Segment Open

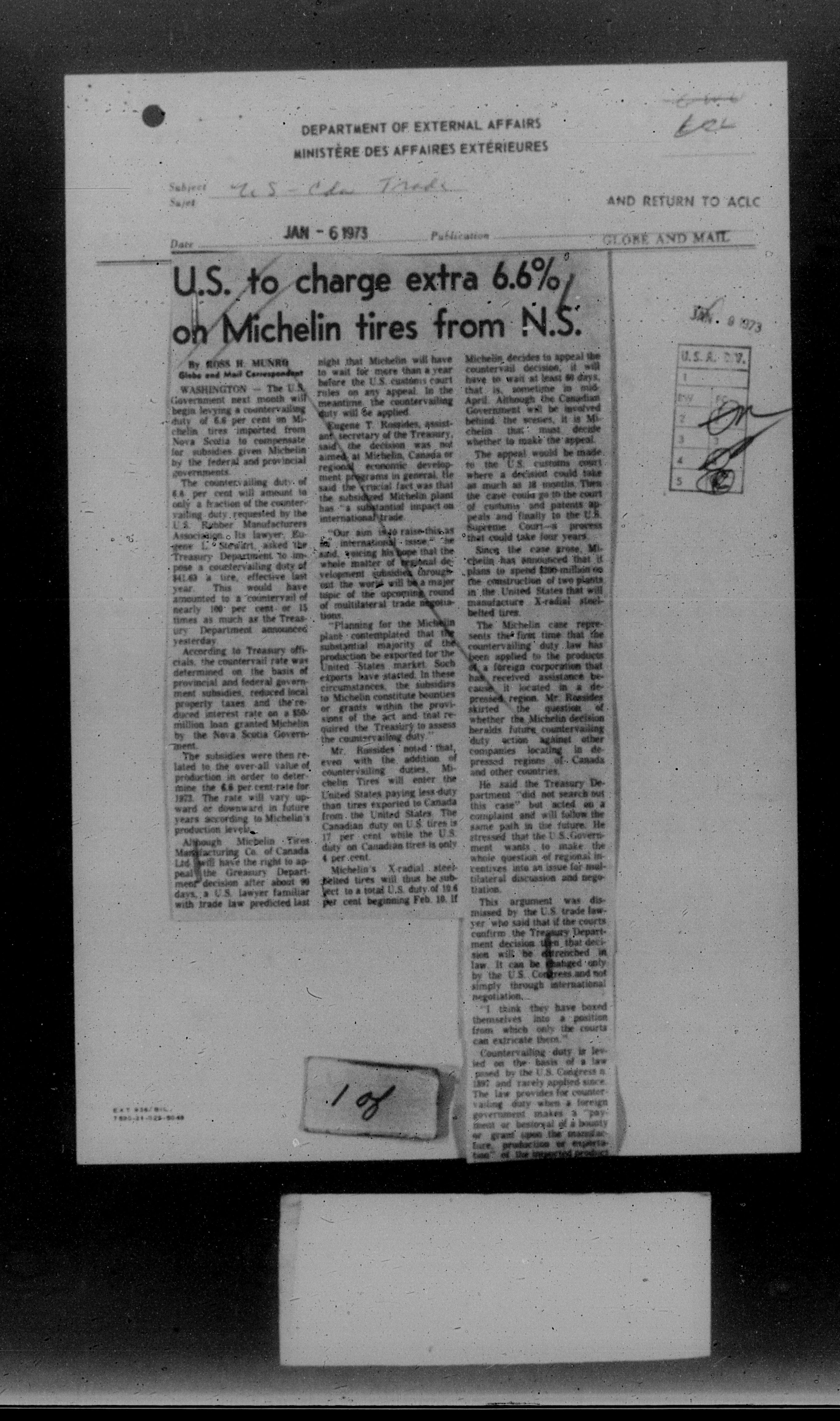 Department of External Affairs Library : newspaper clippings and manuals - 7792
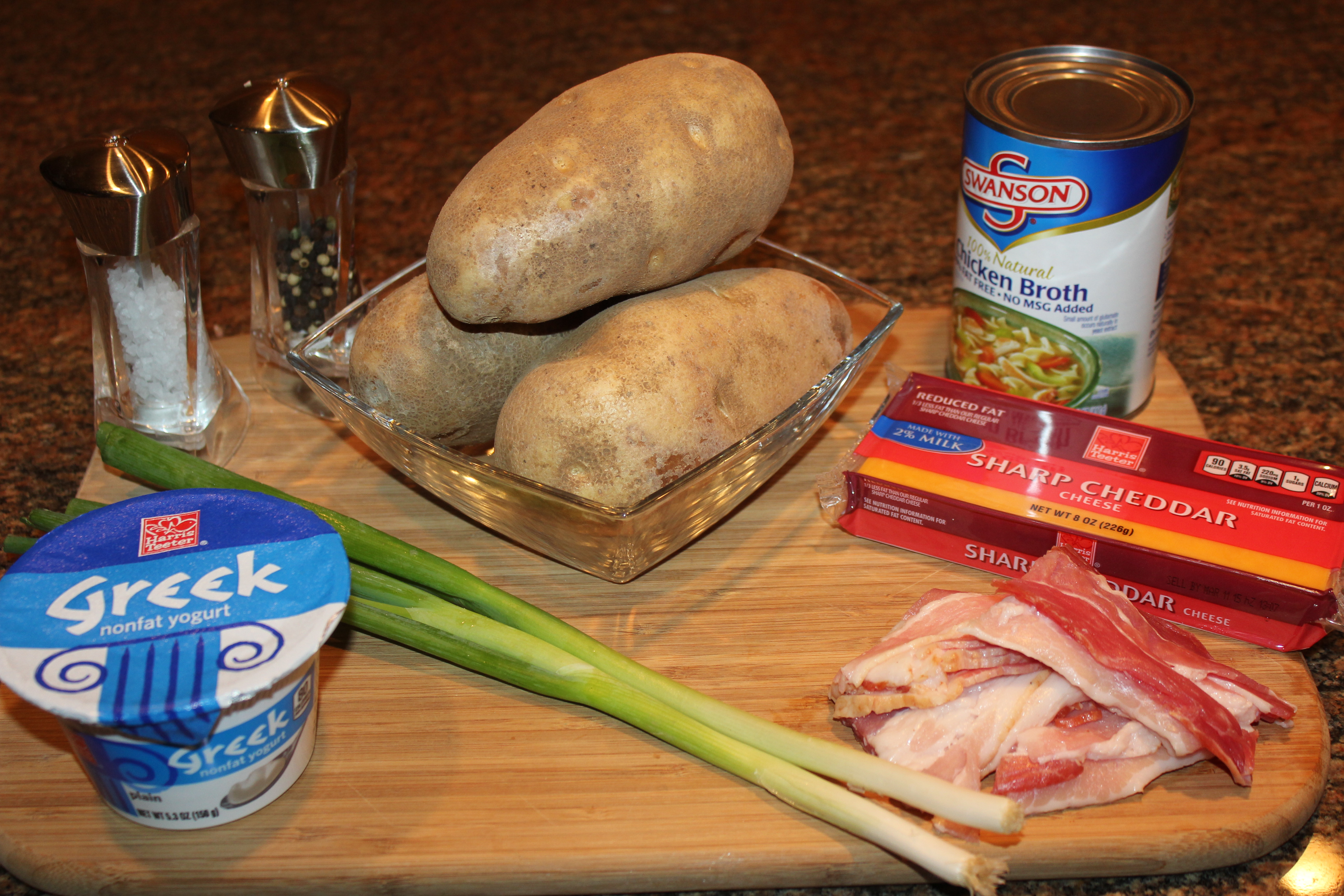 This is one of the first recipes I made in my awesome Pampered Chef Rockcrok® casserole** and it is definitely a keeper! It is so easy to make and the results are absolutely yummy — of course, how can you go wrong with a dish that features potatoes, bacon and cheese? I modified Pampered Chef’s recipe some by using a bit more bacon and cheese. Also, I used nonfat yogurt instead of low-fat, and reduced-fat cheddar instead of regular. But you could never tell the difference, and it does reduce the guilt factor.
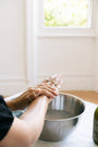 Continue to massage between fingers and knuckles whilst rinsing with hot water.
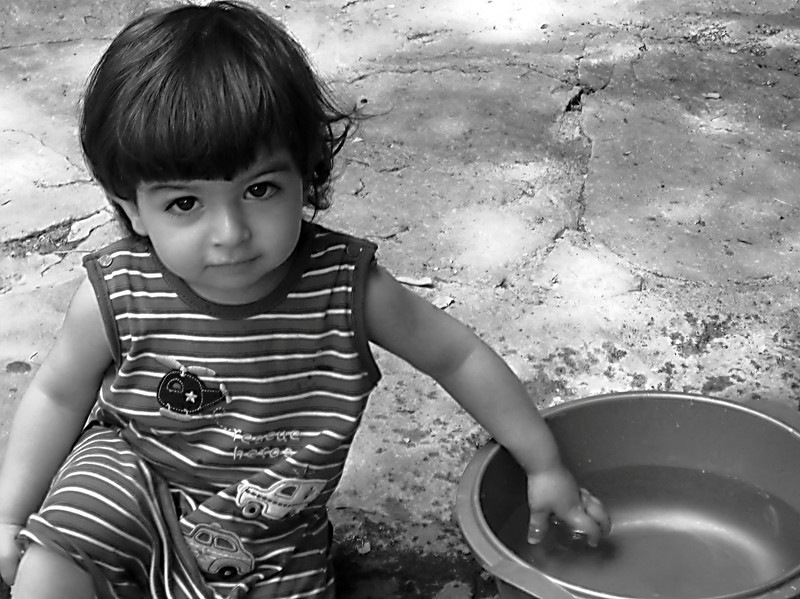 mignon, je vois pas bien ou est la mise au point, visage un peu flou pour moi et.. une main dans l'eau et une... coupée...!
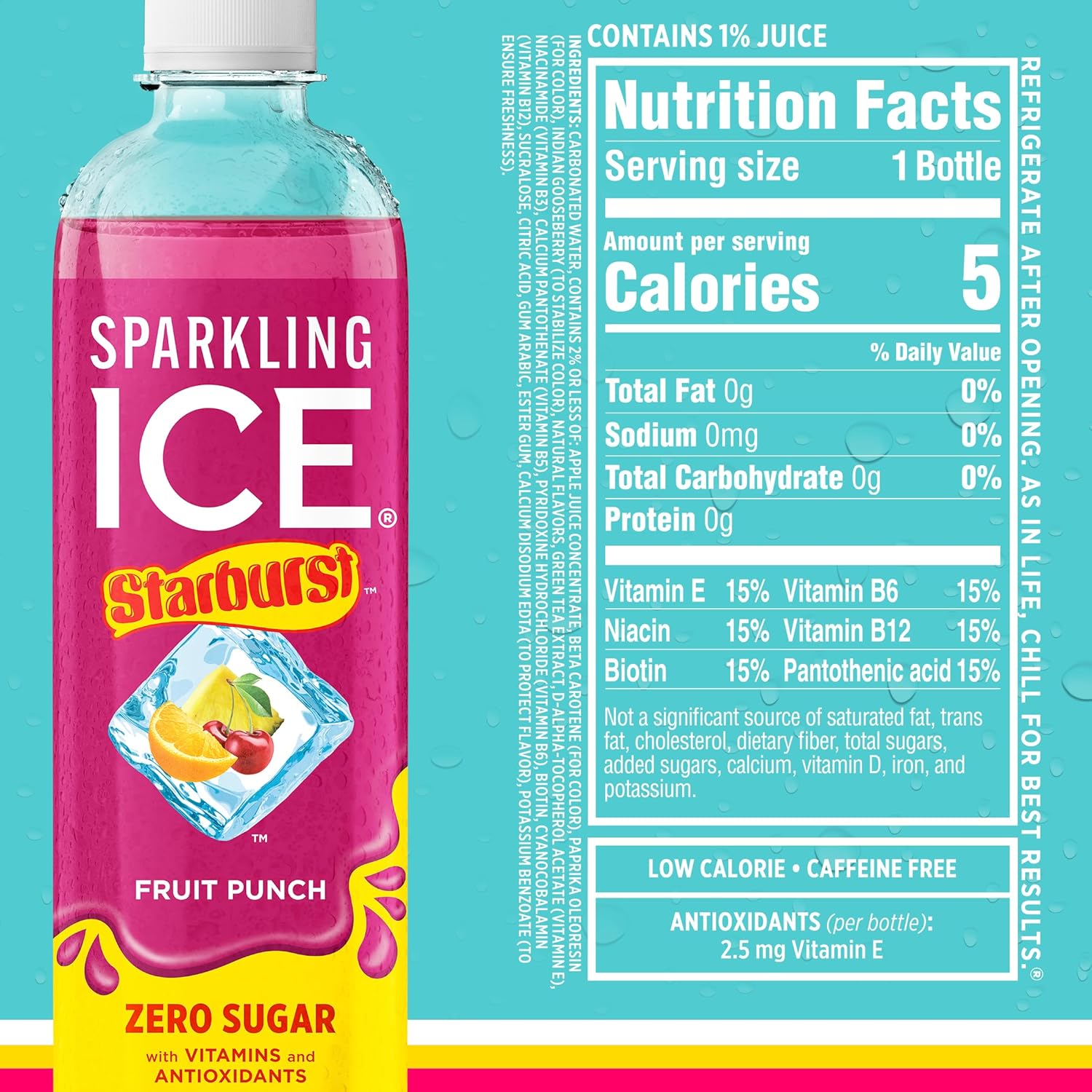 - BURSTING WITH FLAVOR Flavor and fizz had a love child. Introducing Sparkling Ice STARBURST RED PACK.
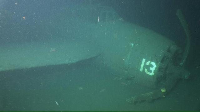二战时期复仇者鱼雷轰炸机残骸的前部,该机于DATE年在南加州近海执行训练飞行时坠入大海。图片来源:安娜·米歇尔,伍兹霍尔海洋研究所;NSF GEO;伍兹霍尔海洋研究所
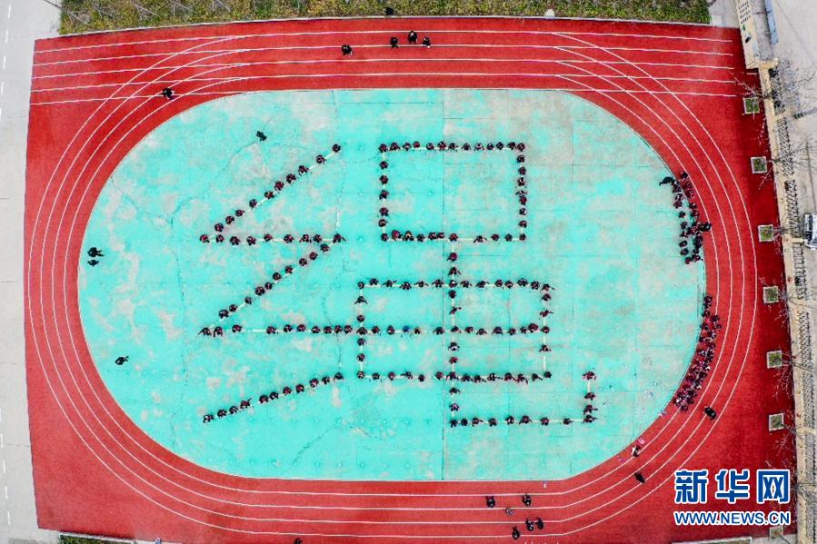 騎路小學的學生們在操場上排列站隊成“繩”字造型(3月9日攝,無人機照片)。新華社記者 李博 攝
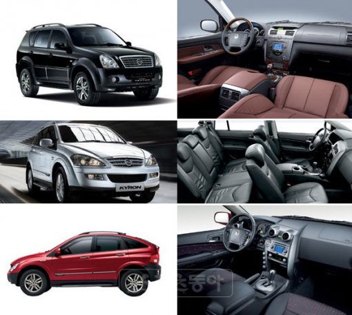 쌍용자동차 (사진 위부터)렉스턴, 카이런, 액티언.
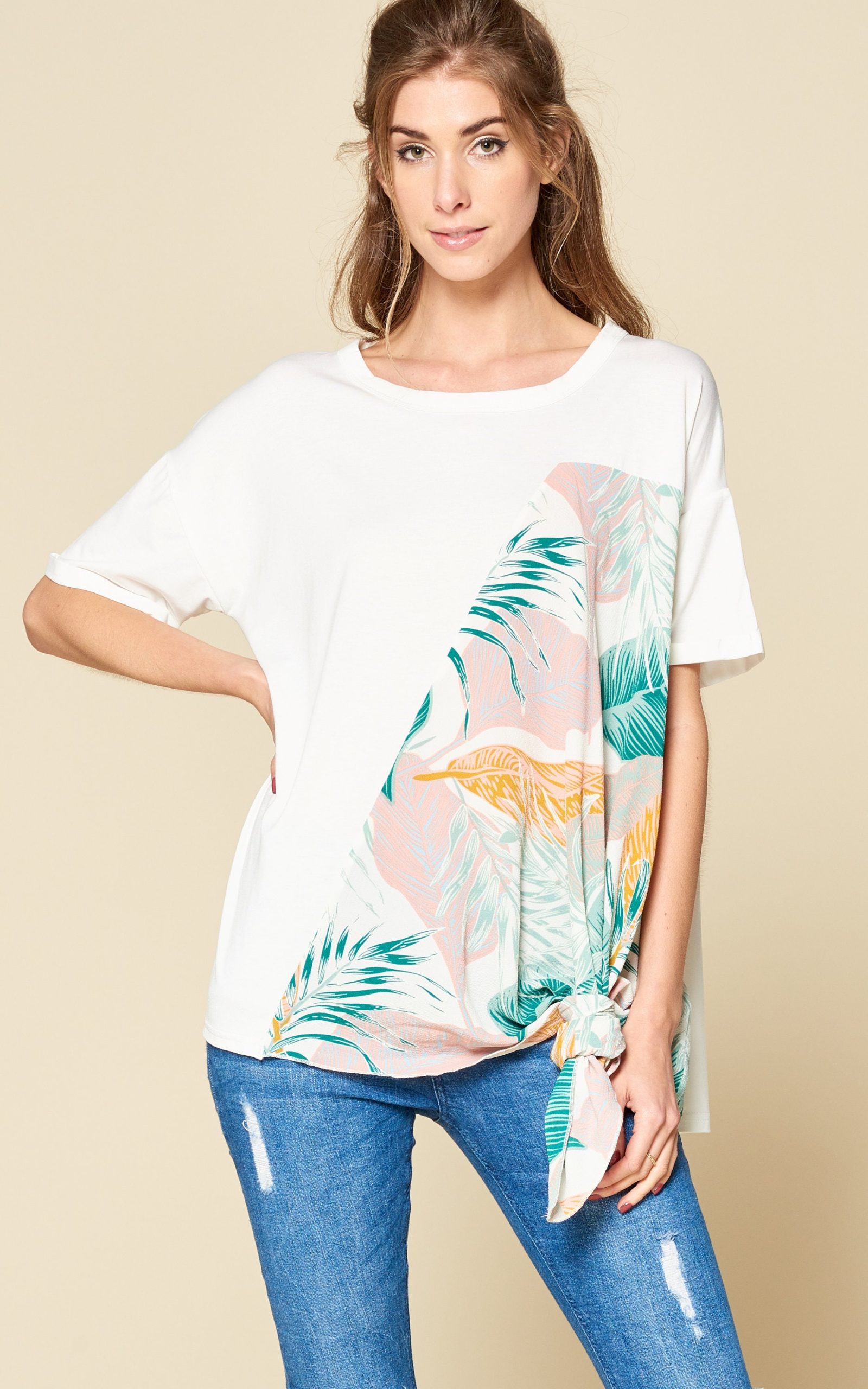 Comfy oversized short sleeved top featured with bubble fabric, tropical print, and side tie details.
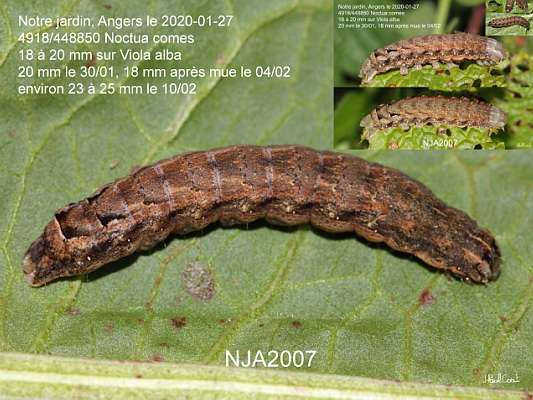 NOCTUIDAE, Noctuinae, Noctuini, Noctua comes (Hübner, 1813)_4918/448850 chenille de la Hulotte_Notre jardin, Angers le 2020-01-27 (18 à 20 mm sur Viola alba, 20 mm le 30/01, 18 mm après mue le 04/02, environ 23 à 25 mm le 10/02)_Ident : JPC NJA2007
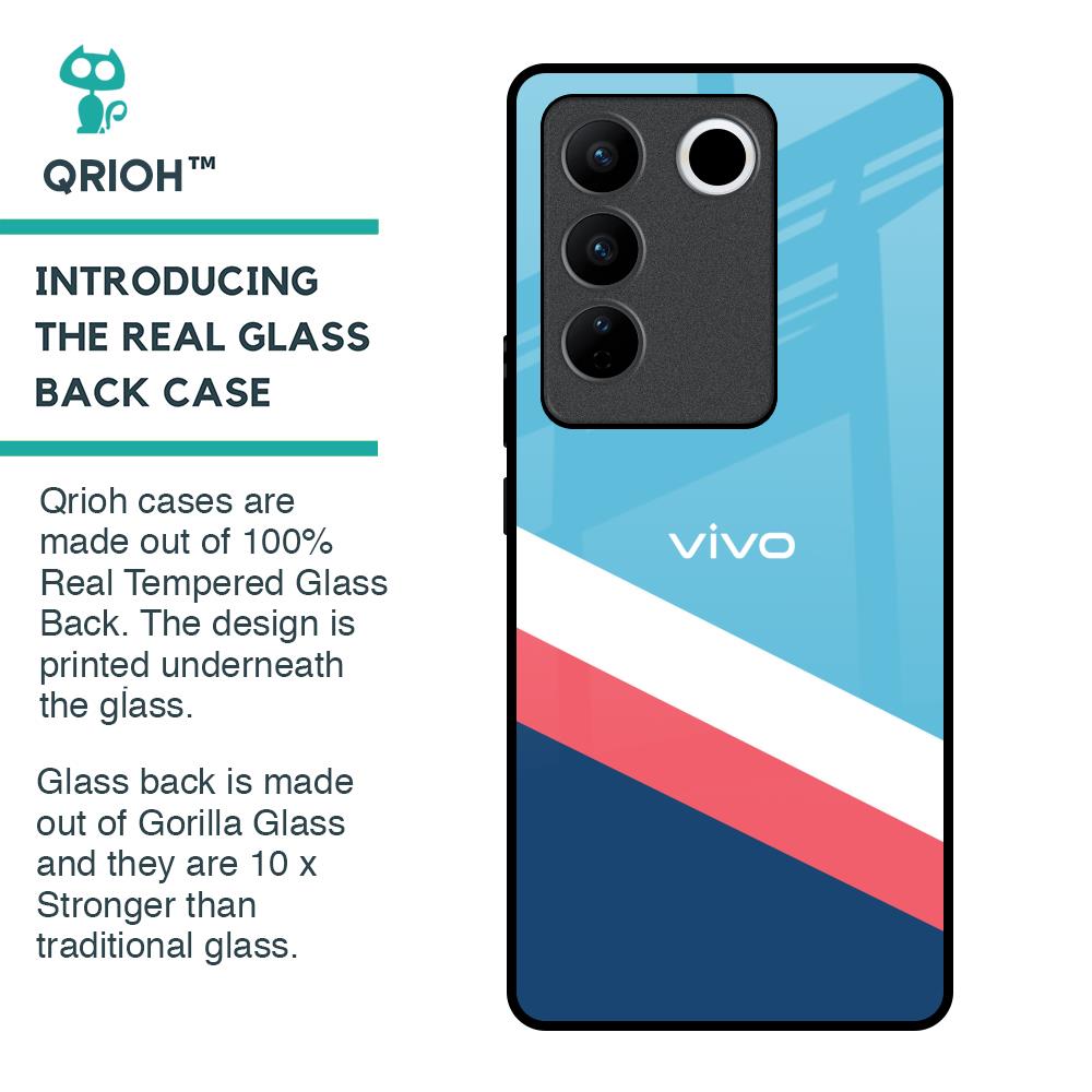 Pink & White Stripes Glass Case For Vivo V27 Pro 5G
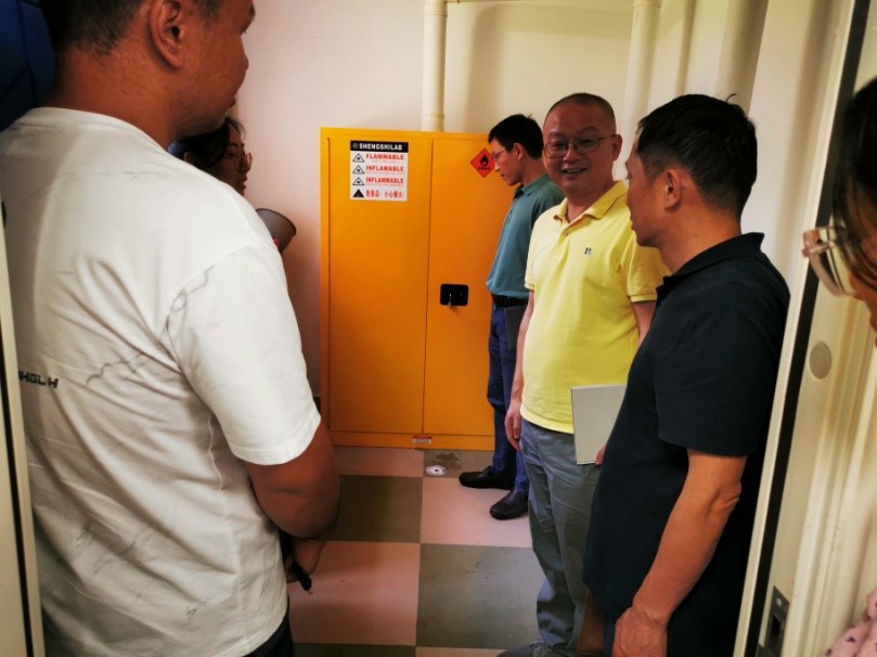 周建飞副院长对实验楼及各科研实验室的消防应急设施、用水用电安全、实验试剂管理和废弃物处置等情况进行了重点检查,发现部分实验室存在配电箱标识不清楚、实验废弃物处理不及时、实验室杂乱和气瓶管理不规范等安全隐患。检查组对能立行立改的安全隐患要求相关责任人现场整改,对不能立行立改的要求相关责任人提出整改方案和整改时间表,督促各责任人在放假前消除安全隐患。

Segment Closed

§ **What you are asked to do**
Give back each line above exactly, with pictures dropped.

§ **Solution for this problem**
 Department of External Affairs Library : newspaper clippings and manuals - 7792
 This is one of the first recipes I made in my awesome Pampered Chef Rockcrok® casserole** and it is definitely a keeper! It is so easy to make and the results are absolutely yummy — of course, how can you go wrong with a dish that features potatoes, bacon and cheese? I modified Pampered Chef’s recipe some by using a bit more bacon and cheese. Also, I used nonfat yogurt instead of low-fat, and reduced-fat cheddar instead of regular. But you could never tell the difference, and it does reduce the guilt factor.
 Continue to massage between fingers and knuckles whilst rinsing with hot water.
 mignon, je vois pas bien ou est la mise au point, visage un peu flou pour moi et.. une main dans l'eau et une... coupée...!
 - BURSTING WITH FLAVOR Flavor and fizz had a love child. Introducing Sparkling Ice STARBURST RED PACK.
二战时期复仇者鱼雷轰炸机残骸的前部,该机于DATE年在南加州近海执行训练飞行时坠入大海。图片来源:安娜·米歇尔,伍兹霍尔海洋研究所;NSF GEO;伍兹霍尔海洋研究所
 騎路小學的學生們在操場上排列站隊成“繩”字造型(3月9日攝,無人機照片)。新華社記者 李博 攝
 쌍용자동차 (사진 위부터)렉스턴, 카이런, 액티언.
 Comfy oversized short sleeved top featured with bubble fabric, tropical print, and side tie details.
 NOCTUIDAE, Noctuinae, Noctuini, Noctua comes (Hübner, 1813)_4918/448850 chenille de la Hulotte_Notre jardin, Angers le 2020-01-27 (18 à 20 mm sur Viola alba, 20 mm le 30/01, 18 mm après mue le 04/02, environ 23 à 25 mm le 10/02)_Ident : JPC NJA2007
 Pink & White Stripes Glass Case For Vivo V27 Pro 5G
 周建飞副院长对实验楼及各科研实验室的消防应急设施、用水用电安全、实验试剂管理和废弃物处置等情况进行了重点检查,发现部分实验室存在配电箱标识不清楚、实验废弃物处理不及时、实验室杂乱和气瓶管理不规范等安全隐患。检查组对能立行立改的安全隐患要求相关责任人现场整改,对不能立行立改的要求相关责任人提出整改方案和整改时间表,督促各责任人在放假前消除安全隐患。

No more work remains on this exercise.